Dae Won-ui (died 793) (r. 793) became the 4th ruler of the kingdom of Balhae. However, upon ascending the throne the king showed a jealous and violent temper. In 793, he was slain by his ministers. The son of Goeng-rim was chosen to replace him, becoming King Seong. The most notable accomplishment that was done during his reign was the moving of the capital to Sanggyeong. Gang of Balhae (died 809) (r. 794–809) was the sixth to rule the king of Balhae.

Within 10 years of death of King Gang of Balhae (died 809), the state was ruled by three kings who were Jeong of Balhae(r. 809 - 812 CE) , Hui of Balhae(r. 812 - 817 CE) and Gan of Balhae(r. 817 - 818 CE) who ruled as the 7th, 8th and 9th king of Balhae. The tenth King Seon reign (r. 818–830), Balhae controlled northern Korea, Northeastern Manchuria and now Primorsky Krai of Russia.

Primorsky Krai

During King Seon's 12-year reign, he dispatched embassies five times to Japan, which was aimed at establishing diplomatic relations as well as increasing trade between the two kingdoms. The trade routes established across the Sea of Japan (East Sea) led to Balhae becoming one of Japan's most important trading partners. He died in 830 and his grandson Dae Ijin succeeded to the throne.

Sea of Japan(East Japan)

Dae Ijin (r. 830–857) was the 11th king of Balhae, a Korean kingdom from AD 698 to 926, occupying parts of Manchuria and northern Korea. The king made efforts for the consolidation of a centralized administrative system and organized a standing army. He was succeeded by Geonhwang of Balhae (r. 857-871) who sent a few missions to Japan and Tang China.
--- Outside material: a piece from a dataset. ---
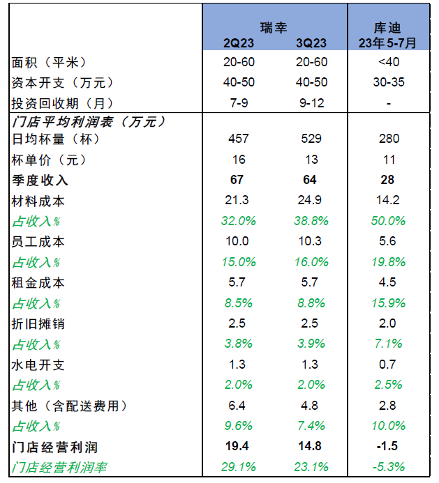 图表:瑞幸咖啡与库迪咖啡的单店模型比较

Dae Hyeonseok, was the 13th king of Balhae who reigned from 871 to 894. He was succeeded by Dae Wihae (r. 894–906 CE) who was succeeded by Dae Inseon  (r. 906–926 CE). This was a time of momentous change for Balhae and its neighbors. In China, the Tang faced serious crises caused by the An Lushan Rebellion and many other uprisings. Finally, Zhu Wen established the Later Liang, marking the end of the Tang dynasty in 907.

King Dae concentrated on increasing defense capabilities against the threat of new powers and was in favor of allying with the Goryeo Dynasty. However, the interference of the nobility did not allow that to happen. The Khitans' growing power in Manchuria was the most threatening to Balhae. Eventually, they invaded Balhae in 925 and the capital Sanggyeong (also known as Holhan fortress) fell after ten days. In 926, Balhae came to an end, while many of the nobility fled to Goryeo.

After the fall of Balhae and its last king in 926, it was renamed Dongdan by its new Khitan rulers. Restoration movements by displaced Balhae people established Later Balhae, which was later renamed to Jeongan. Dae Gwang-hyeon, the last crown prince, and much of the ruling class of Balhae sought refuge in Goryeo, where they were granted land and the crown prince included in the royal household by Wang Geon, thus unifying the two successor nations of Goguryeo.

Sunday 22 October 2017

Caliphate of Cordoba

The Caliphate of Córdoba was a state in Islamic Iberia along with a part of North Africa ruled by the Umayyad dynasty. The state, with the capital in Córdoba, existed from 929 to 1031. The region was formerly dominated by the Umayyad Emirate of Córdoba (756–929).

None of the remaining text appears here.